The most common structure for pizza franchise resale transactions. The buyer secures an SBA 7(a) loan covering 80–90% of the acquisition cost, with the seller carrying a subordinated note for 5–10% and the buyer contributing 10–15% equity at close. The SBA loan is typically 10-year term at current prime-plus rates, while the seller note is subordinated and cannot be paid until the SBA loan is in good standing. Franchisor approval of the buyer is required before SBA funding can be confirmed.

80–90% SBA debt / 5–10% seller note / 10–15% buyer equity

Pros

  • Maximizes buyer leverage by minimizing out-of-pocket equity requirement, making multi-unit pizza franchise acquisitions accessible with $150K–$400K in liquid capital
  • Seller receives the majority of proceeds at close, reducing their long-term credit exposure to the buyer
  • SBA lenders experienced in franchise transactions use the FDD and Item 19 financials to underwrite the deal, streamlining the approval process

Cons

  • SBA underwriting timelines of 60–90 days can conflict with franchisor transfer approval windows, creating deal timing risk
  • Seller note must be fully subordinated to the SBA lender, meaning the seller collects nothing on their note if the buyer defaults within the first 24 months
  • Rising interest rates increase monthly debt service, squeezing already thin pizza franchise EBITDA margins and reducing buyer cash flow post-close

Best for: Buyers with strong personal credit (680+ FICO), relevant restaurant or management experience acceptable to the franchisor, and sufficient liquid capital to meet SBA equity injection requirements. Ideal for 2–4 unit portfolios with stable same-store sales and clean financials.

Seller-Financed Deal with Performance Milestones

In situations where SBA financing is unavailable or the buyer prefers to avoid institutional debt, sellers may carry 60–70% of the purchase price at close with the remaining 20–30% structured as a seller note paid over 3–5 years, sometimes tied to same-store sales performance milestones. This structure is more common in single-unit transactions or when the seller is motivated to move quickly without navigating SBA timelines. The buyer typically brings 20–30% cash equity at close.

20–30% buyer equity at close / 60–70% seller financing at close / 20–30% seller note over 3–5 years

Pros

  • Faster closing timeline of 30–45 days without SBA underwriting, allowing buyers to move quickly on competitive listings in desirable pizza franchise territories
  • Seller retains ongoing income stream through note payments and may benefit from capital gains deferral through installment sale tax treatment
  • Performance milestones tied to same-store sales protect the seller if the buyer's operational changes negatively impact revenue post-close

Cons

  • Buyer carries no SBA guarantee backstop, meaning the seller bears full credit risk on the financed portion if the buyer defaults or mismanages operations
  • Performance milestone structures can become contentious if external factors — food cost spikes, third-party delivery fee increases, or new local competition — suppress sales independent of buyer performance
  • Seller remains financially exposed to the business for 3–5 years post-close, limiting their ability to fully redeploy capital into new investments

Best for: Motivated sellers approaching retirement who want a clean exit without lengthy bank timelines, or buyers who lack the SBA equity requirement but have strong operating experience that satisfies the franchisor's approval criteria. Works best for single-unit resales under $1.5M.
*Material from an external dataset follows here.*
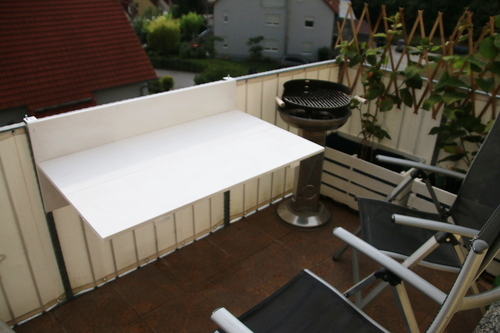 Seit langem haben wir das Problem, dass wir keinen vernünftigen Tisch auf unserem Balkon haben. Wir haben nur einen runden, alten Gartentisch, der mit über 90cm Durchmesser ziemlich Platz wegnimmt.

Earnout Structure Tied to Same-Store Sales

An earnout allows a portion of the purchase price — typically 10–20% — to remain contingent on the acquired pizza locations maintaining or growing same-store sales thresholds for 12–24 months post-close. The base purchase price is paid at closing via a combination of buyer equity and SBA or conventional debt, while the earnout is paid in quarterly or annual installments if pre-agreed sales benchmarks are met. This structure is most useful when the buyer and seller disagree on valuation, particularly when the business is trending upward but the track record is short.

75–85% paid at close / 10–20% earnout paid over 12–24 months based on same-store sales thresholds

Pros

  • Bridges valuation gaps between buyers skeptical of recent same-store sales growth and sellers confident in the business trajectory, allowing deals to close that would otherwise stall
  • Aligns both parties' incentives during the transition period, motivating sellers to provide robust operational support and manager introductions post-close
  • Protects buyers from overpaying for peak performance that may not be sustainable once the seller's personal involvement is removed

Cons

  • Earnout disputes are among the most litigated elements in small business acquisitions — defining same-store sales, excluding external disruptions, and auditing results requires precise legal drafting
  • Buyers may feel constrained in making operational changes — menu updates, pricing adjustments, delivery platform strategies — during the earnout window if those changes could affect the measurement metric
  • Franchisor-mandated remodels, technology upgrades, or menu changes during the earnout period can depress sales and trigger disputes that neither party anticipated at signing

Best for: Transactions where the seller has recently added catering accounts, delivery zones, or a new daypart that inflates trailing EBITDA but lacks 24 months of history to satisfy SBA underwriters or justify full valuation at close. Common in 3–5 unit portfolio deals where combined revenue is growing.

Sample Deal Structures

Two-Unit Domino's Resale in a Suburban Market

$1,200,000

SBA 7(a) loan: $1,020,000 (85%) | Seller note: $60,000 (5%) | Buyer equity injection: $120,000 (10%)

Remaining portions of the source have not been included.